One can also create hashes with block ciphers such as with AES used in cipher block chaining mode (CBC). MAC creation is simply the repeated encryption of the message blocks XORed with the previous result of the encryption (Similarly as the sponge construction). The initial encryption uses a random and public IV.

$$y_1 = e_k(x_1 \oplus IV)$$

to start and

$$y_i = e_k(x_i \oplus y_{i-1})$$

takes each message block \(x_i\) and XORs it with the output of the previous round. Then the final MAC is set as the final result of all encryptions \(MAC_k(x) = y_n\)

There is an adaptive chosen text attack on a CBC-MAC when CBC-MACs are used without preprocessing. If the attacker knows the MAC values \(z=h_k(x)\) and \(z'=h_k(x')\) for the texts \(x=x_1||...||x_n\) and \(x'=(x_{n+1} \oplus IV \oplus z)||x_{n+2}||...||x_{n+m}\), then the MAC value \(h_k(x'') = z'\) for the message \(x''=x_1||...||x_{n+m}\).

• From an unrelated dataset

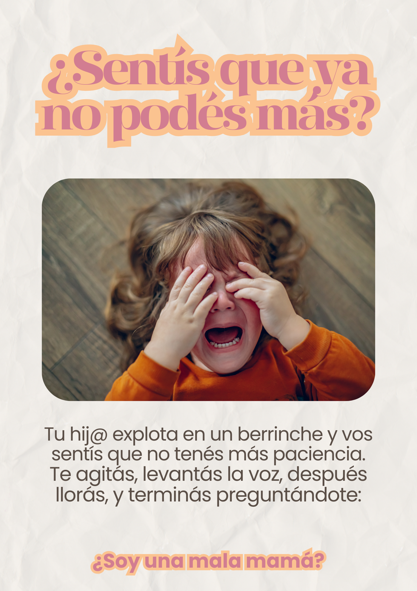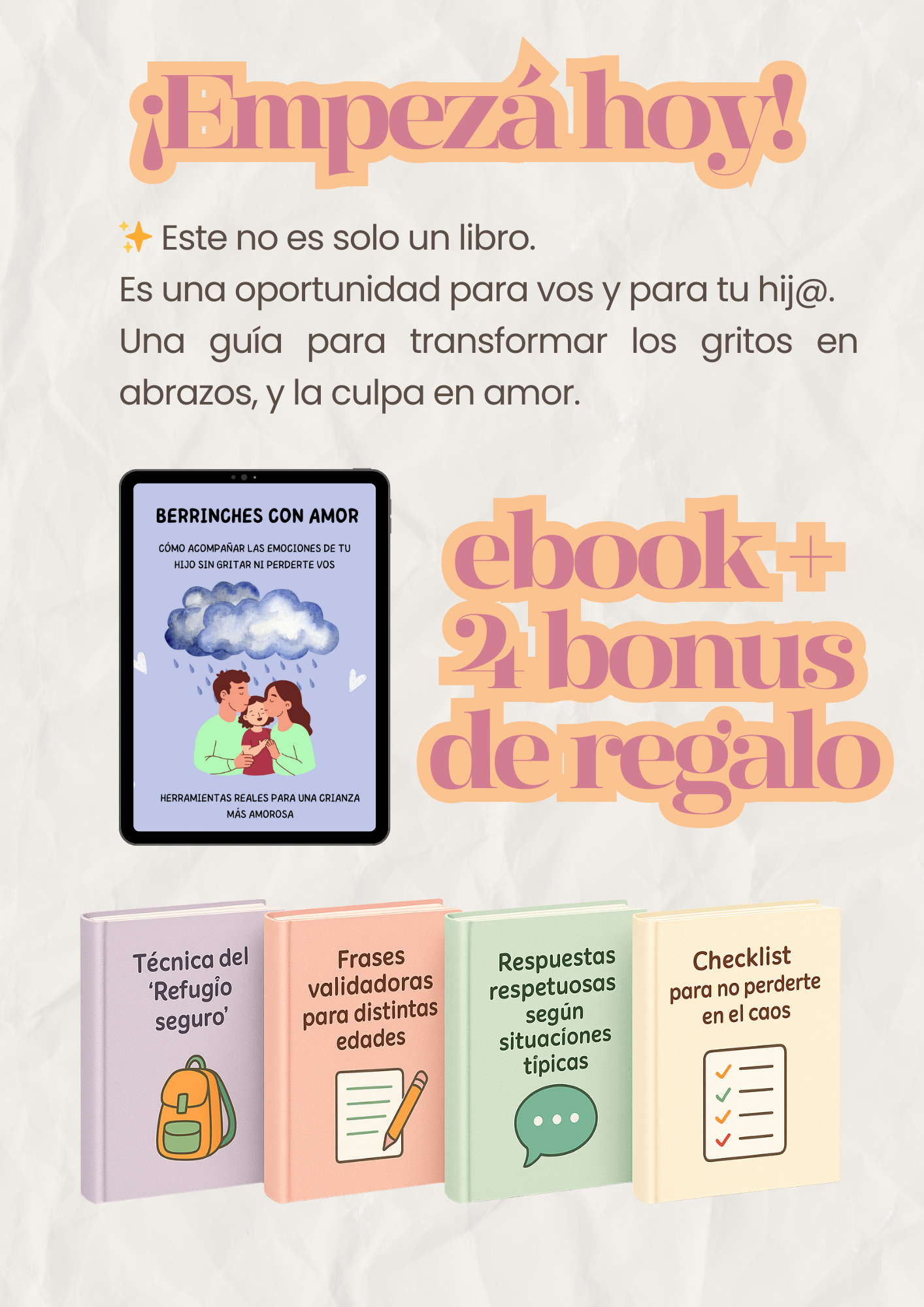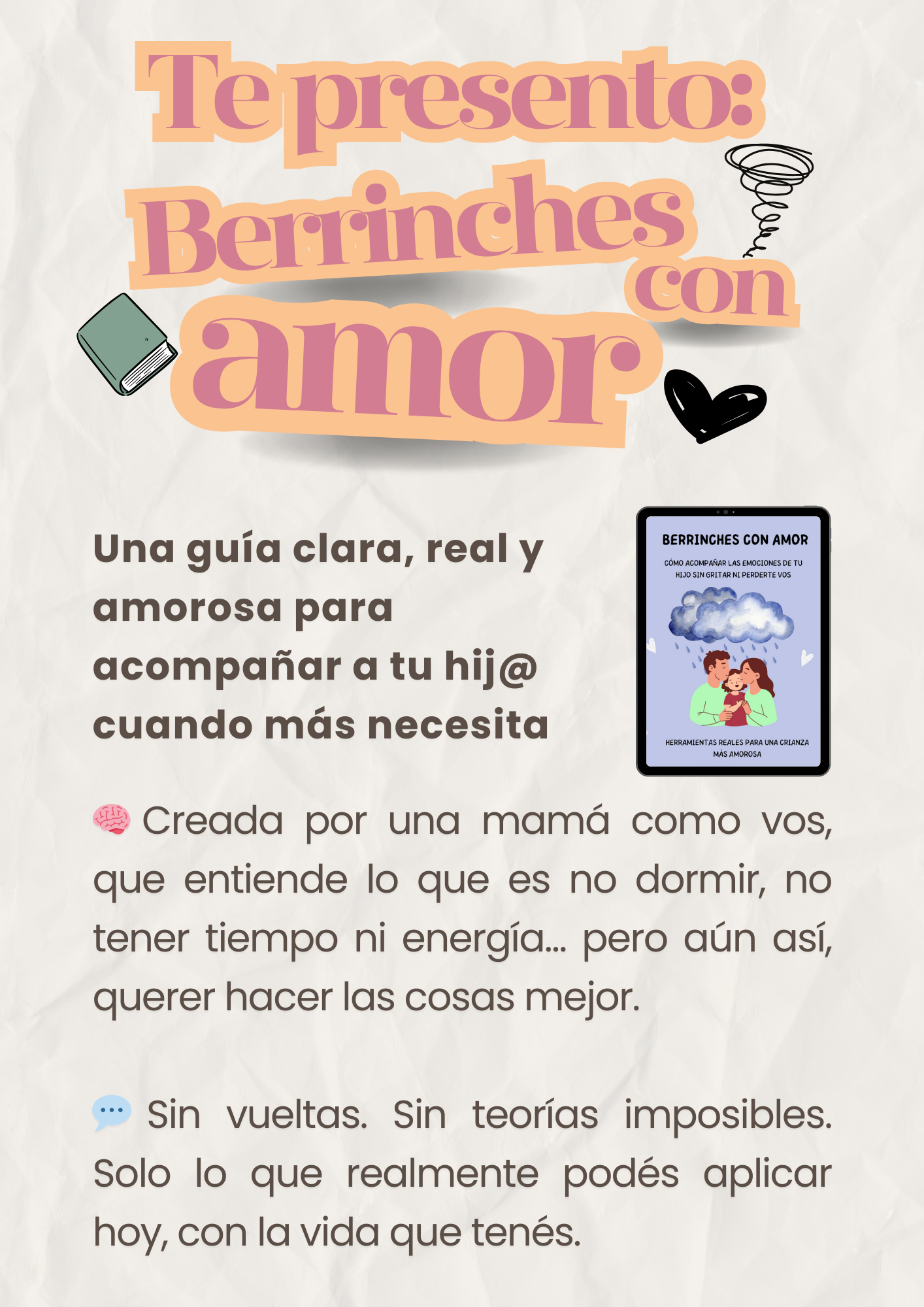 Vas a encontrar herramientas claras y prácticas para acompañar los berrinches sin gritos, amenazas ni culpas.

This attack is not possible if only messages with fixed lengths \(nt\) are allowed.

There is also an birthday attack on CBC-MACs where you need \(q \approx 2^{t/2}\) queries to obtain the MAC value for an message \(x\) that was not queried before. \(x\) can be arbitrarily chosen, except the first t-bit-block is given. \(x\) is a \(tn\) long bitstring. The attacker chooses \(n-2\) arbitrary t-bit-blocks and two times \(q\) pairwise-different t-bit-blocks. He then queries the MAC values \(z_i = h_k(x^i)\) for the selected messages. If there is a collision pair for the computed MACs, he will find them.

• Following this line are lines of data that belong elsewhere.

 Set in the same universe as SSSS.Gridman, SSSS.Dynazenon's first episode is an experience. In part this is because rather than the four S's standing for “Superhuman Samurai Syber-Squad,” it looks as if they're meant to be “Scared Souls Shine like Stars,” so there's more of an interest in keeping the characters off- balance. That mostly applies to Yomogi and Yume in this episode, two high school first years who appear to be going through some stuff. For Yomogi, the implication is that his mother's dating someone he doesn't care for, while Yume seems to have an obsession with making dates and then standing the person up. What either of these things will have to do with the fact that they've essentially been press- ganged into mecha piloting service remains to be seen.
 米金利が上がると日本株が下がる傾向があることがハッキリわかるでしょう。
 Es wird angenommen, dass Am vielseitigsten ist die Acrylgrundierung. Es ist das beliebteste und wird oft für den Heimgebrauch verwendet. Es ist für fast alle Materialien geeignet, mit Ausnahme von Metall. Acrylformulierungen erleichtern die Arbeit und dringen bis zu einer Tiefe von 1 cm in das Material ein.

The above described attack is a \((\epsilon, q+1)\)-Attack for \(q \approx 1.17\cdot2^{t/2}\). Only the last query is adaptive, all the \(q\) prior are non adaptive.

In general there are adaptive queries, where the query \(x_i\) depends on the queries \(x_1, ..., x_{i-1}\) before. Non-adaptive queries do not need knowledge about the prior queries. Then there are selective forgeries, where the attacker can obtain the MAC value for a message he has chosen. Then there are existential forgeries, where the attacker can obtain a forgery but cannot chose which one.